» **TASK TO COMPLETE**
With the images omitted, return all of the entries exactly as they stand.

=== EXERCISE DATA ===

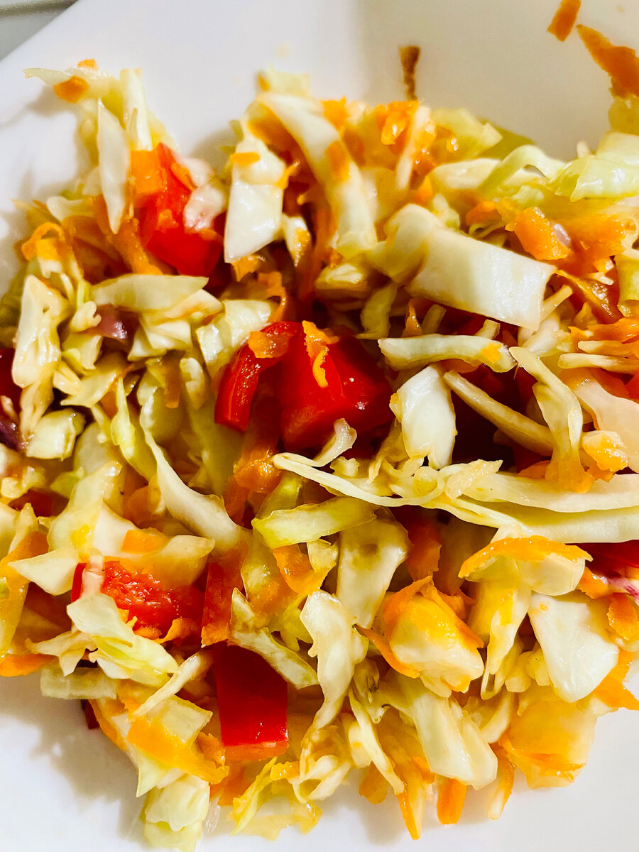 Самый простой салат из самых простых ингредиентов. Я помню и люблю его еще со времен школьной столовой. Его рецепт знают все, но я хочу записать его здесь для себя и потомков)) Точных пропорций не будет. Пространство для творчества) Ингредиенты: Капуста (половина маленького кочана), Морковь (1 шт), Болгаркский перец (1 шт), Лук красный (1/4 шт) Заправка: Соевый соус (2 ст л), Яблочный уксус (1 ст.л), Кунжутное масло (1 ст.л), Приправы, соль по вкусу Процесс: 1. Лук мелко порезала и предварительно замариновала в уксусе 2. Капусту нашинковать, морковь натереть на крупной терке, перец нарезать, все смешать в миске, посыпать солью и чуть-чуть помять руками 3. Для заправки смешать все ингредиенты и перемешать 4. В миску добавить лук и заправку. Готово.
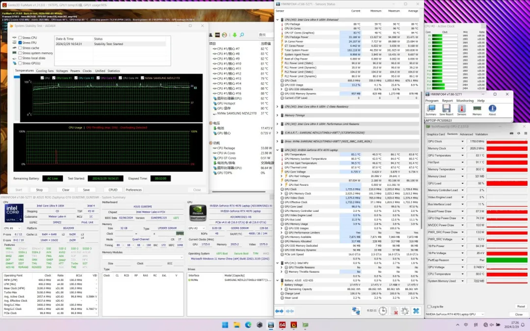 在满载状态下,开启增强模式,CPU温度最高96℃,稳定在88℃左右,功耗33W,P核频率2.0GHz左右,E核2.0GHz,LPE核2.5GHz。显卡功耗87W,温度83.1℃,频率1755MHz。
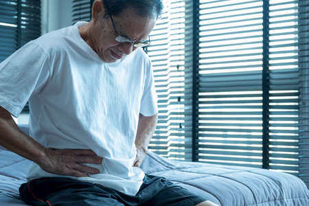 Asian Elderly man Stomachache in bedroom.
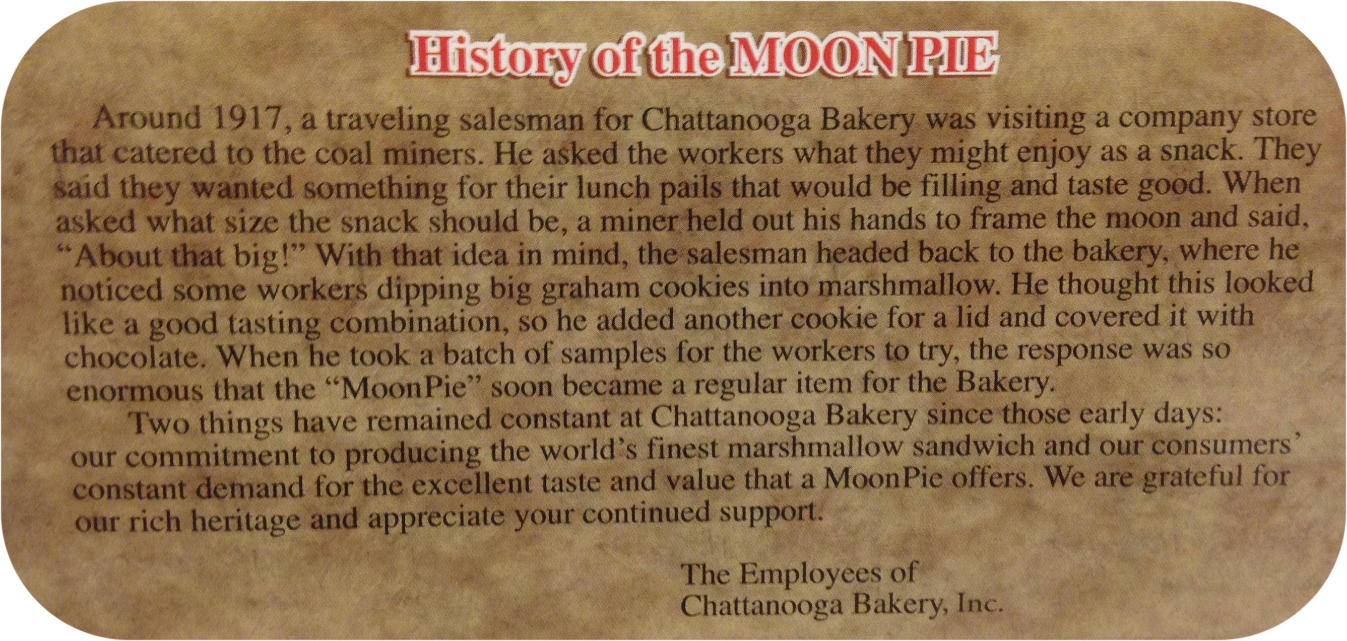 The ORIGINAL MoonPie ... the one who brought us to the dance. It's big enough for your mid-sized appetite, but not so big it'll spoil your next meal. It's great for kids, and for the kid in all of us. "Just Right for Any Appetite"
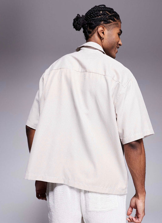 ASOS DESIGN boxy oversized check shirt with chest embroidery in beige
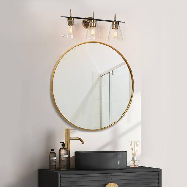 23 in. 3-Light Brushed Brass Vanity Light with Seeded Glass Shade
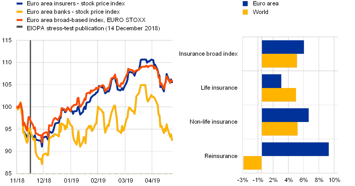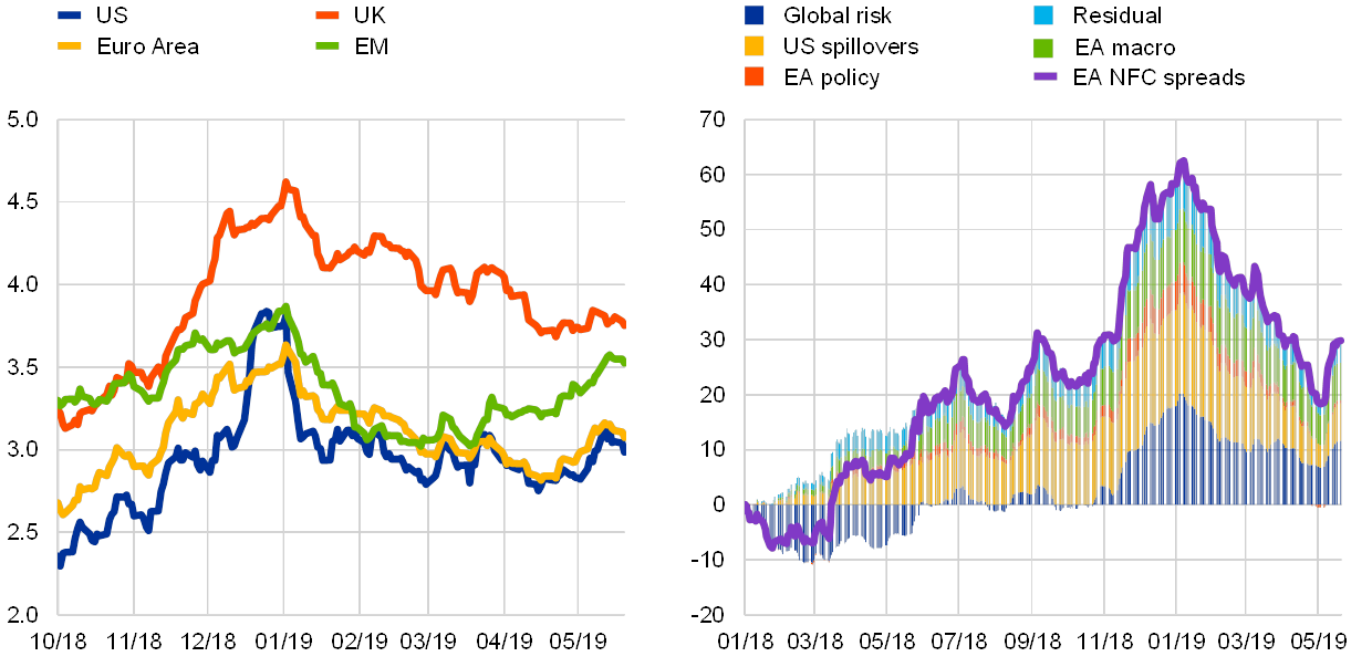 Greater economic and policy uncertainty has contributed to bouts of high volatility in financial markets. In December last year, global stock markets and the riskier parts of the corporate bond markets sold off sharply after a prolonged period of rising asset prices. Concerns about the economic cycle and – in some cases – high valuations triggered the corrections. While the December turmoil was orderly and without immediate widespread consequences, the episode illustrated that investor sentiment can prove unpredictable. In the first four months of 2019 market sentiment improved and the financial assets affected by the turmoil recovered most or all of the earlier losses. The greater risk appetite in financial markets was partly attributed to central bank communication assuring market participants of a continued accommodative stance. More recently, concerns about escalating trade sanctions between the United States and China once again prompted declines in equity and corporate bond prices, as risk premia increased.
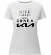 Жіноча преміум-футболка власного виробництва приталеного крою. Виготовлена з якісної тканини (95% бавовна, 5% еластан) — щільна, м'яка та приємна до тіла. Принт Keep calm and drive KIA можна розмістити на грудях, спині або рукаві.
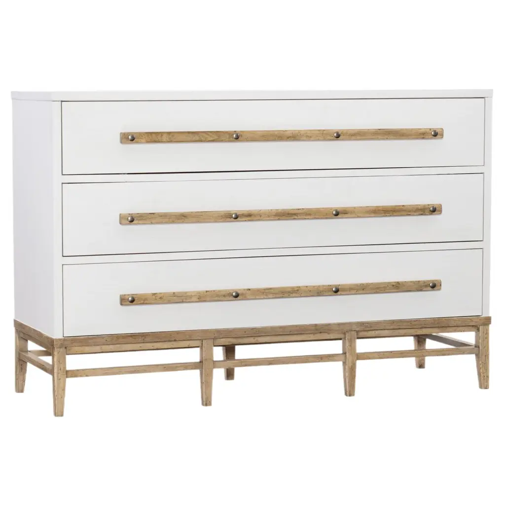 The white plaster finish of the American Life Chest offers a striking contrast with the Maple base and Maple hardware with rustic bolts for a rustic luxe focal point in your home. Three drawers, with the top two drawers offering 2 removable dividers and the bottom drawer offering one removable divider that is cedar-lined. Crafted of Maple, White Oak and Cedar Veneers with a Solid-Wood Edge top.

===

» **ANSWER TO THIS EXERCISE**
 Самый простой салат из самых простых ингредиентов. Я помню и люблю его еще со времен школьной столовой. Его рецепт знают все, но я хочу записать его здесь для себя и потомков)) Точных пропорций не будет. Пространство для творчества) Ингредиенты: Капуста (половина маленького кочана), Морковь (1 шт), Болгаркский перец (1 шт), Лук красный (1/4 шт) Заправка: Соевый соус (2 ст л), Яблочный уксус (1 ст.л), Кунжутное масло (1 ст.л), Приправы, соль по вкусу Процесс: 1. Лук мелко порезала и предварительно замариновала в уксусе 2. Капусту нашинковать, морковь натереть на крупной терке, перец нарезать, все смешать в миске, посыпать солью и чуть-чуть помять руками 3. Для заправки смешать все ингредиенты и перемешать 4. В миску добавить лук и заправку. Готово.
 在满载状态下,开启增强模式,CPU温度最高96℃,稳定在88℃左右,功耗33W,P核频率2.0GHz左右,E核2.0GHz,LPE核2.5GHz。显卡功耗87W,温度83.1℃,频率1755MHz。
 Asian Elderly man Stomachache in bedroom.
 The ORIGINAL MoonPie ... the one who brought us to the dance. It's big enough for your mid-sized appetite, but not so big it'll spoil your next meal. It's great for kids, and for the kid in all of us. "Just Right for Any Appetite"
 ASOS DESIGN boxy oversized check shirt with chest embroidery in beige
 23 in. 3-Light Brushed Brass Vanity Light with Seeded Glass Shade
 Greater economic and policy uncertainty has contributed to bouts of high volatility in financial markets. In December last year, global stock markets and the riskier parts of the corporate bond markets sold off sharply after a prolonged period of rising asset prices. Concerns about the economic cycle and – in some cases – high valuations triggered the corrections. While the December turmoil was orderly and without immediate widespread consequences, the episode illustrated that investor sentiment can prove unpredictable. In the first four months of 2019 market sentiment improved and the financial assets affected by the turmoil recovered most or all of the earlier losses. The greater risk appetite in financial markets was partly attributed to central bank communication assuring market participants of a continued accommodative stance. More recently, concerns about escalating trade sanctions between the United States and China once again prompted declines in equity and corporate bond prices, as risk premia increased.
 Жіноча преміум-футболка власного виробництва приталеного крою. Виготовлена з якісної тканини (95% бавовна, 5% еластан) — щільна, м'яка та приємна до тіла. Принт Keep calm and drive KIA можна розмістити на грудях, спині або рукаві.
 The white plaster finish of the American Life Chest offers a striking contrast with the Maple base and Maple hardware with rustic bolts for a rustic luxe focal point in your home. Three drawers, with the top two drawers offering 2 removable dividers and the bottom drawer offering one removable divider that is cedar-lined. Crafted of Maple, White Oak and Cedar Veneers with a Solid-Wood Edge top.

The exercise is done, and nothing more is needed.